Lalu kau pergi kondangan
angin menolak ilusi guram
Ah, kau sampirkan pundak
selendang cintamu yang legan

                       1984


Tentang Linus Suryadi AG
Lahir di Kadisobo, Yogyakarta, 3 Maret 1951. Pernah mengikuti kuliah di ABA dan di IKIB Sanata Dharma Jurusan Bahasa Inggris, tapi tak selesai. Mengikuti International Writing Program di Universitas Iowa, Iowa City, USA.
Menulis puisi dan esai sejak 1970. Beberapa daripadanya telah dibukukan dan diterjemahkan ke bahasa asing.  Pernah menerima hadiah dari Pemerintah Provinsi Daerah Istimewa Yogyakarta 1984, menjadi anggota Dewan Kesenian Yogyakarta sejak 1986. Sering menjadi juri lomba puisi, menyelenggarakan program baca atau menulis puisi, dan sempat membaca puisi di beberapa kota dan perguruan tinggi, baik di Indonesia maupun di luar negeri .  


Catatan Lain
Seperti yang bisa dibaca di atas, puisi-puisi Linus tersebut sepertinya mendapat pengaruh kuat dari syair-syair lama (dilihat dari jumlah suku kata, jumlah larik dalam satu bait dan penggunaan rima, meski tak semua bait menggunakan rima dan tak semua suku kata per larik jumlahnya sama). O iya, ada yang membuat saya tertarik dengan paragraf awal pada pembuka buku ini. Dalam paragraf itu Faruk berkata begini:

PENYAIR

Dia serahkan irama hidup antar desa dan kotanya
Selama menyebrangi arus deras sungai ke hilir
Selama jiwa di dalamnya membuka isarat rahasia
Bahwa penyair berdiri dan bersaksi di pinggir

1987

“Sajak Linus yang berasal dari kumpulan Rumah Panggung di atas saya kira merupakan satu-satunya sajak Indonesia yang merumuskan dengan tepat posisi penyair dalam masyarakat untuk abad ini. Sekitaar 10 tahun yang lalu Rendra telah pula melakukan hal serupa. Akan tetapi, perumusan itu terlalu berorientasi pada literatur 1), tidak berdasarkan pada kecenderungan posisi penyair yang senyatanya ada dan terjadi. Penyair dalam masa sekarang ini sama sekali berbeda dengan para empu yang hidup dalam masyarkat Indonesia pada abad-abad yang lalu. Penyair sekarang sungguh-sungguh merupakan suku terpencil dalam masyarakatnya, kelompok marginal, yang menatap kehidupan dari pinggiran.”

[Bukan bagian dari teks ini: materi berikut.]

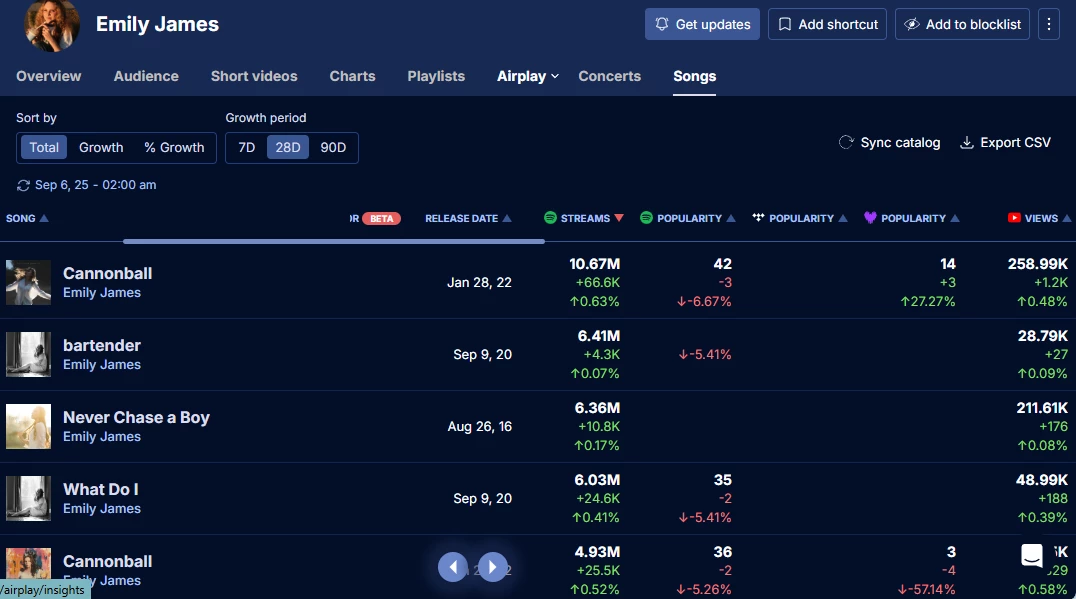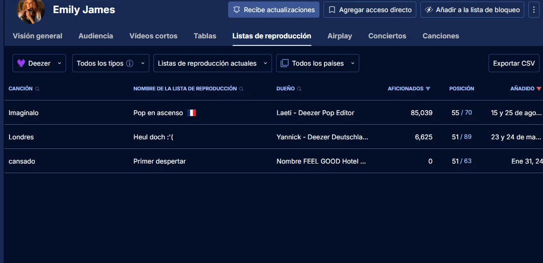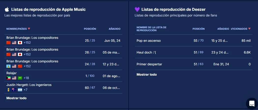 Soundcharts realmente te da una imagen clara del panorama musical global, lo que sube, lo que baja, la búsqueda de canciones de tendencia, el seguimiento de tu propia lista, la alerta en tiempo real, simplemente funciona.

Sajak Penyair sendiri tidak termasuk dalam isi buku ini (kecuali di pengantar tadi), tapi cukup menarik bagi saya. Rupanya antara penyair satu dengan penyair lain memiliki pandangan berbeda tentang seorang penyair. Sebagai penyair, Rendra membayangkan dirinya adalah orang terpandang, namun Linus membayangkan bahwa penyair adalah suku terpencil, golongan pinggiran.

Di cover belakang masih tertempel barcode harga buku, yaitu Rp 5.700,-. Juga ada fotonya Linus, yang kalau saya perhatikan wajahnya mirip ayah saya, hehehe (^ ^). Sedangkan lembar terakhir buku diisi dengan iklan buku-buku puisi terbitan Nusa Indah.

------------------------------------------------------------------------------------------------
1) Rendra, dalam “Pidato Penerimaan Penghargaan dari Akademi Jakarta” (1983) membayangkan posisinya sebagai empu dari kerajaan-kerajaan lama. Empu dahulu mempunyai posisi sosial yang jelas dalam masyarakat, sedangkan penyair sekarang tidak demikian.